Currently am in the process of waiting to get a sleep study scheduled, and going to see a pulmonologist on Wednesday. I just wanna get ahead of the curve and get some info on how to deal with sleep apnea in the meantime until I get treated. I hope if I end up on the cpap it provides the relief some say it does. Not sleeping/being afraid to sleep sucks.
Thanks for reading.
Don't be hesitant about this. When I got my diagnosis and started using CPAP, I FINALLY found myself getting good sleep, instant energy and just a feeling of being better than I had in a long time. The CPAP machines have come so far that they are nothing like I thought they would be -- and there has not been any problems getting used to sleeping with it. Believe me, it's worth the effort you may have to put into getting all this set up.

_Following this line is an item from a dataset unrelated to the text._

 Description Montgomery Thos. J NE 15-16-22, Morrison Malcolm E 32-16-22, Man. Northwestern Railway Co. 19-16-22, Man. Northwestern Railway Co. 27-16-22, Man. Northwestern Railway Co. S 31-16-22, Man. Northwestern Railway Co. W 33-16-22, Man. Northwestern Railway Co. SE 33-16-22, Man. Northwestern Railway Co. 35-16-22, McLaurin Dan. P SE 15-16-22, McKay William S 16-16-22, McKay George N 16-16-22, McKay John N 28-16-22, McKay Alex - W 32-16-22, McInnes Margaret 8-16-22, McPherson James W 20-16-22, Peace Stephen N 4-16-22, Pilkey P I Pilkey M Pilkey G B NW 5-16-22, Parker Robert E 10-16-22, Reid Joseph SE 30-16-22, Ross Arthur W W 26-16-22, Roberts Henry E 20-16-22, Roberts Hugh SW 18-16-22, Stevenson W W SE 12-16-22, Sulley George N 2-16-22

I have Hashimoto's disease. Horrendous nightmares that woke me were part of the symptoms that started in my mid-thirties. They were misdiagnosed as many things for 5 years until a simple blood test indicated little thryroid function. (Actually, I'd had Hashimoto's all my life; times of low thyroid functioning coincide with times of severe childhood nightmares. As a toddler, doctors were unable to determine why I was losing so much hair. I just never told my parents about the nightmares. When they were bad, I got up in the middle of the night and slept outside my parents' door.) For me, the nightmares stopped once my Synthroid dose was established. My endocrinologist said that the dreams were related to hormone fluctuations that come with poor thryroid function. My sleep apnea is related somewhat to my slightly enlarged thryroid but mostly to the weight I gained when my thyroid nearly quit and then regained when severe arthritis interfered with sleep. So - after all that - check with your endocrinologist, too.

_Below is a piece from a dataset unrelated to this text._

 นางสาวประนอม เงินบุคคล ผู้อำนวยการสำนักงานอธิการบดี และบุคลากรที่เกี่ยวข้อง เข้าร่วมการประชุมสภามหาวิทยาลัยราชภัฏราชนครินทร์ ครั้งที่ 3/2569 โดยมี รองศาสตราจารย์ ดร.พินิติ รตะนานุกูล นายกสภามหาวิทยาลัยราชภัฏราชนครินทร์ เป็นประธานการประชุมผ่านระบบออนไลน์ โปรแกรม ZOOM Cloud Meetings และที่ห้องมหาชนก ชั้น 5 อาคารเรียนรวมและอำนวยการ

So the good news is that even if you have central apnea, a C-Pap machine will help. If you have obstructive apnea you have multiple options for treatment besides C-Pap. As young as you are, your options are probably higher than someone in their 80s. Central apnea is rare but treatable. Don't lose sleep worrying about what you might have.
Suggestion Newoptions, These threads are often long and the original posting may have been some time in the past. When someone posts something off the original poster's topic a bit, the thread can start to wind in new directions. If you want to replace to a specific post, as in the case with this thread, there is a REPLY LINK (but in lower case) on the bottom of the post you wish to reply to. Using this function rather than the Write a Reply tab makes your post relate to a specific post in a thread. Hope this makes sense and thanks for your insightful comments so far. While there are a number of dentists who post on this board, fewer sleep specialists NOT in the dental field pop in with opinions or help. It is sad that this category of specialist feels they need to confine their expertise to their office spaces. We do have sleep technician from Australia pop in now and again and it is most helpful to have professionals mix with patients.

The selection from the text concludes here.